(a) An agreement among the shareholders of a corporation that complies with this section shall be effective among the shareholders and the corporation even though it is inconsistent with one or more other provisions of this chapter in that it:
(1) Eliminates the board of directors or restricts the discretion or powers of the board of directors;
(2) Governs the authorization or making of distributions whether or not in proportion to ownership of shares, subject to the limitations in § 29-304.60;
(3) Establishes who will be directors or officers of the corporation, their terms of office, or manner of their selection or removal;
(4) Governs, in general or in regard to specific matters, the exercise or division of voting power by or between the shareholders and directors or by or among any of them, including use of weighted voting rights or director proxies;
(5) Establishes the terms and conditions of any agreement for the transfer or use of property or the provision of services between the corporation and any shareholder, director, officer, or employee of the corporation or among any of them;
(6) Transfers to one or more shareholders or other persons all or part of the authority to exercise the corporate powers or to manage the activities and affairs of the corporation, including the resolution of any issue about which there exists a deadlock among directors or shareholders;
(7) Requires dissolution of the corporation at the request of one or more of the shareholders or upon the occurrence of a specified event or contingency; or
(8) Otherwise governs the exercise of the corporate powers or the management of the activities and affairs of the corporation or the relationship among the shareholders, the directors, and the corporation, or among any of them, and is not contrary to public policy.

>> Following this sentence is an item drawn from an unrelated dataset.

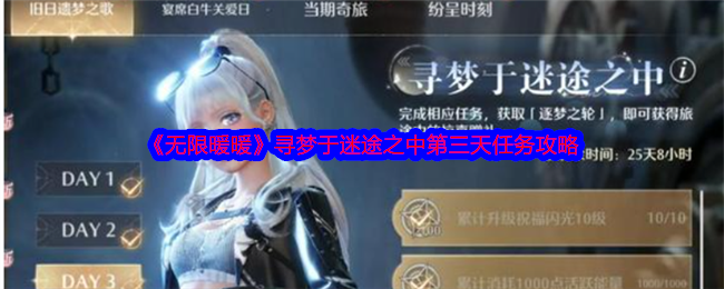 1.3版本传说季 |【寻梦于迷途之中】活动已经上线,活动任务分为四个部分,分别在活动的第1天、第2天、第3天和第5天依次解锁。其中第三天任务是升级祝福闪光10级、消耗1000点活跃能量、与蓝色宴席白牛合影、巅峰赛获18颗星,下面小编给大家带来了《无限暖暖》寻梦于迷途之中第三天任务攻略,速来围观吧!

(b) An agreement authorized by this section shall be:
(1) Set forth in:
(A) The articles of incorporation or bylaws and approved by all persons that are shareholders at the time of the agreement; or
(B) A written agreement that is signed by all persons that are shareholders at the time of the agreement and is made known to the corporation;
(2) Subject to amendment only by all persons that are shareholders at the time of the amendment, unless the agreement provides otherwise; and
(3) Valid for 10 years, unless the agreement provides otherwise.
(c) The existence of an agreement authorized by this section shall be noted conspicuously on the front or back of each certificate for outstanding shares or on the information statement required by § 29-304.26(b). If, at the time of the agreement, the corporation has shares outstanding represented by certificates, the corporation shall recall the outstanding certificates and issue substitute certificates that comply with this subsection. The failure to note the existence of the agreement on the certificate or information statement shall not affect the validity of the agreement or any action taken pursuant to it. Any purchaser of shares that, at the time of purchase, did not have knowledge of the existence of the agreement may rescind the purchase. A purchaser shall be deemed to have knowledge of the existence of the agreement if its existence is noted on the certificate or information statement for the shares in compliance with this subsection and, if the shares are not represented by a certificate, the information statement is delivered to the purchaser at or prior to the time of purchase of the shares. An action to enforce the right of rescission authorized by this subsection shall be commenced within the earlier of 90 days after discovery of the existence of the agreement or 2 years after the time of purchase of the shares.
(d) An agreement authorized by this section shall cease to be effective when the corporation becomes a public corporation. If the agreement ceases to be effective for any reason, the board of directors may, if the agreement is contained or referred to in the corporation’s articles of incorporation or bylaws, adopt an amendment to the articles of incorporation or bylaws, without shareholder action, to delete the agreement and any references to it.
(e) An agreement authorized by this section that limits the discretion or powers of the board of directors relieves the directors of, and imposes upon the person or persons in which the discretion or powers are vested, liability for acts or omissions imposed by law on directors to the extent that the discretion or powers of the directors are limited by the agreement.
(f) The existence or performance of an agreement authorized by this section shall not be a ground for imposing personal liability on any shareholder for the acts or debts of the corporation even if the agreement or its performance treats the corporation as if it were a partnership or results in failure to observe the corporate formalities otherwise applicable to the matters governed by the agreement.
(g) Incorporators or subscribers for shares may act as shareholders with respect to an agreement authorized by this section if no shares have been issued when the agreement is made.
(July 2, 2011, D.C. Law 18-378, § 2, 58 DCR 1720; Mar. 5, 2013, D.C. Law 19-210, § 2(c)(14), 59 DCR 13171.)
This section is referenced in § 29-306.01 and § 29-1303.02.
The 2013 amendment by D.C. Law 19-210 substituted “activities” for “business” in (a)(6) and (a)(8).
Application of Law 19-210: Section 7 of D.C. Law 19-210 provided that the act shall apply as of January 1, 2012.